Мемуары же первого типа пишутся ради воздействия на действительность. Это не свидетельство, но акт самоутверждения. В этом смысле они противоположны второму типу и - субъективны. Таковы мемуары Гезиела и Солженицына. Это закономерно. Дело не только в том, что и тот, и другой - личности незаурядные, выдающиеся. Но оба писателя в условиях тоталитарного государства были вынуждены оказаться по ту сторону баррикад. Отсюда острое желание выговориться, высказать свою точку зрения на происходящее. Тем более, что цензура (пусть и в разной степени) сдавливала горло и тому, и другому. Поэтому Газиел и Солженицын сосредоточены не столько на описывании истории, в создании которой сами принимали участие, сколько на описании СЕБЯ в истории, своей особой в ней роли. Их мемуары эгоцентричны и сугубо субъективны. Это попытка пожизненного самоутверждения в прошлом, самоопределения в истории. Они должны были “вмешаться” в историю: один (Газиел) потому, что не хотел попасть под ее колеса, другой (Солженицын) - потому, что почувствовал в себе силу пророка. В мемуарах оба “сводят счеты” и с историей, и с днем сегодняшним. Тоталитарное государство не позволило им полностью реализоваться в жизни. Особенности личности сделали их непонятными (или труднопонятными) для большинства современников. Это заставляет и Газиела, и Солженицына “дореализовываться” в мемуарах. Такой подход к написанию мемуаров следует обозначить как своеобразный “абеляризм”: это откровенная озабоченность тем, какими они предстанут в глазах современников (мемуары Солженицын писал параллельно с описываемыми событиями) и потомков (“Historia” - последняя, предсмертная книга Газиела).

_________________________

1 Газиел преподал нам урок достоинства и человеческой цельности.

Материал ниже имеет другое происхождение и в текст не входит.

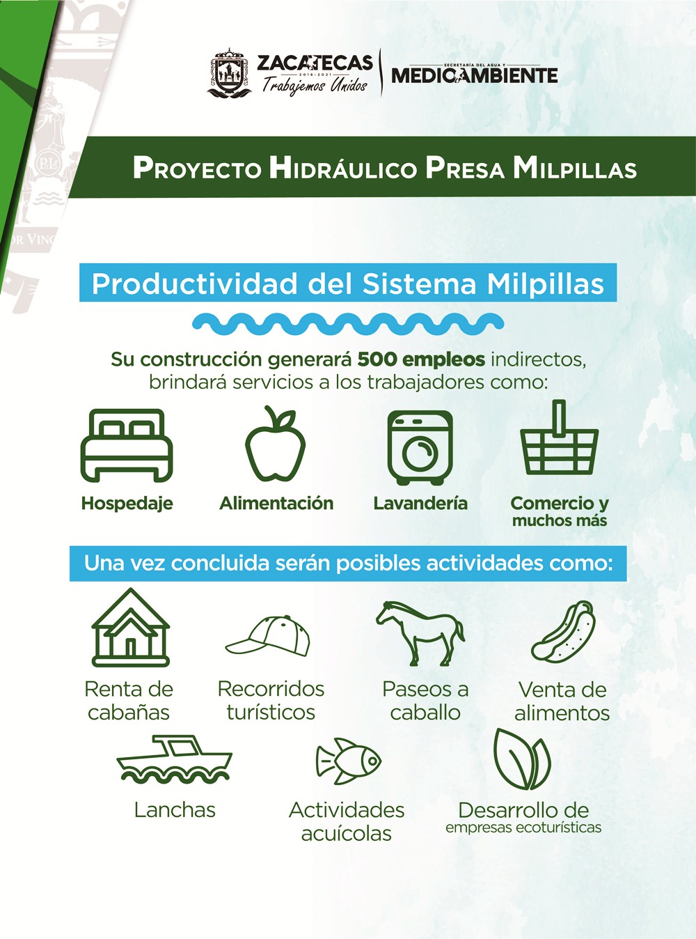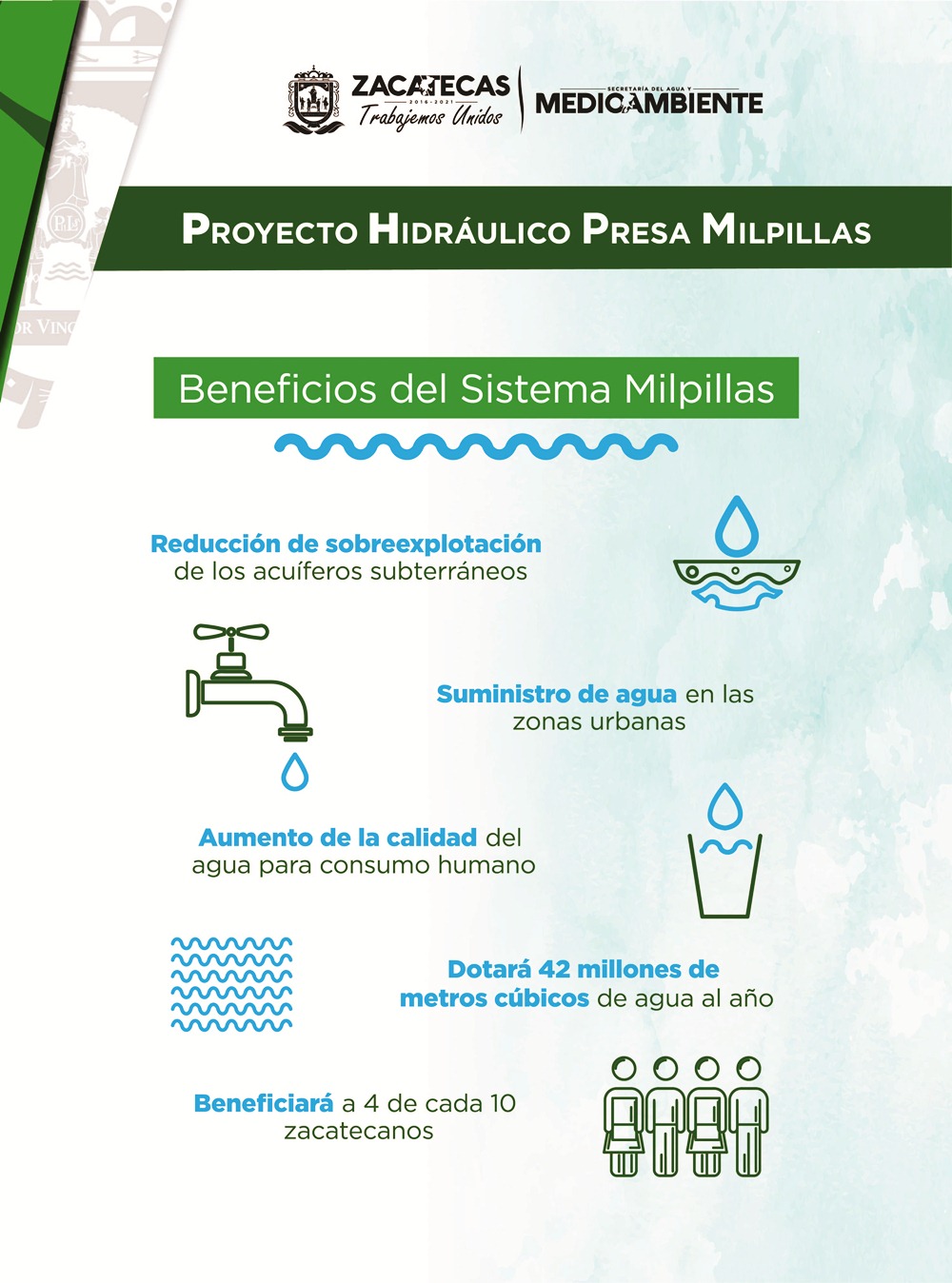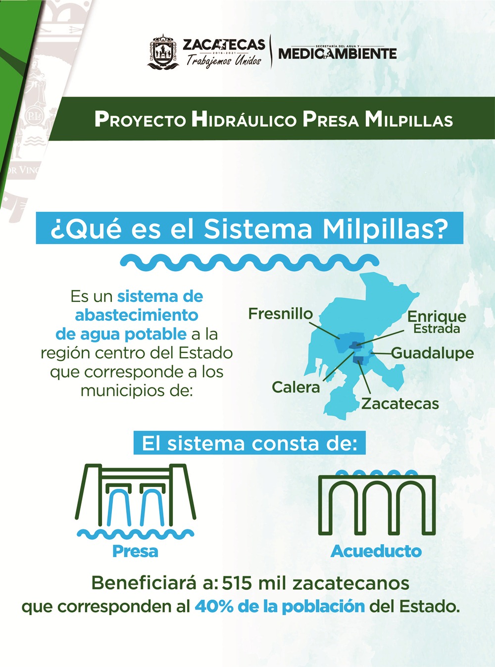 El Proyecto Milpillas, que estaría en el municipio Jiménez del Teúl, abastecería de agua a más de 515 mil zacatecanos de Fresnillo, General Enrique Estrada, Calera, Zacatecas y Guadalupe durante los próximos 50 años.

2 Это история первой каталонской газеты - La Vanguardia -, которую я знаю изнутри. История, которую завтра никто не будет в силах восстановить.

3 Мать опыта.

4 Ключ к будущему.

5 Ночное небо с созвездиями человеческое воображение населяет звездами доброжелательными и зловредными, которые отвечают за добрую или злую судьбу. Как рыба плавает в воде, так человек живет во власти случая. Непредсказуемые превратности судьбы, всегда неожиданные, никогда не повторяющиеся, <...> составляют материю Истории.

6 История - настоящая и ужасная трагедия: она есть результат всегда непредсказуемого случая, а не благородной борьбы... между добром и злом. <...> История - это чистой воды зоология.

7 Нужно набраться мужества и двигаться вперед, если хотите спасти шкуру. <...> Тот, кто окажется столь нежным, чтобы упасть в обморок перед величайшей гнусностью, или настолько упрямым, чтобы продолжать верить в святость и в непоколебимость принципов, вот-вот окажется неминуемо, не зная когда и как, под колесами телеги - телеги истории.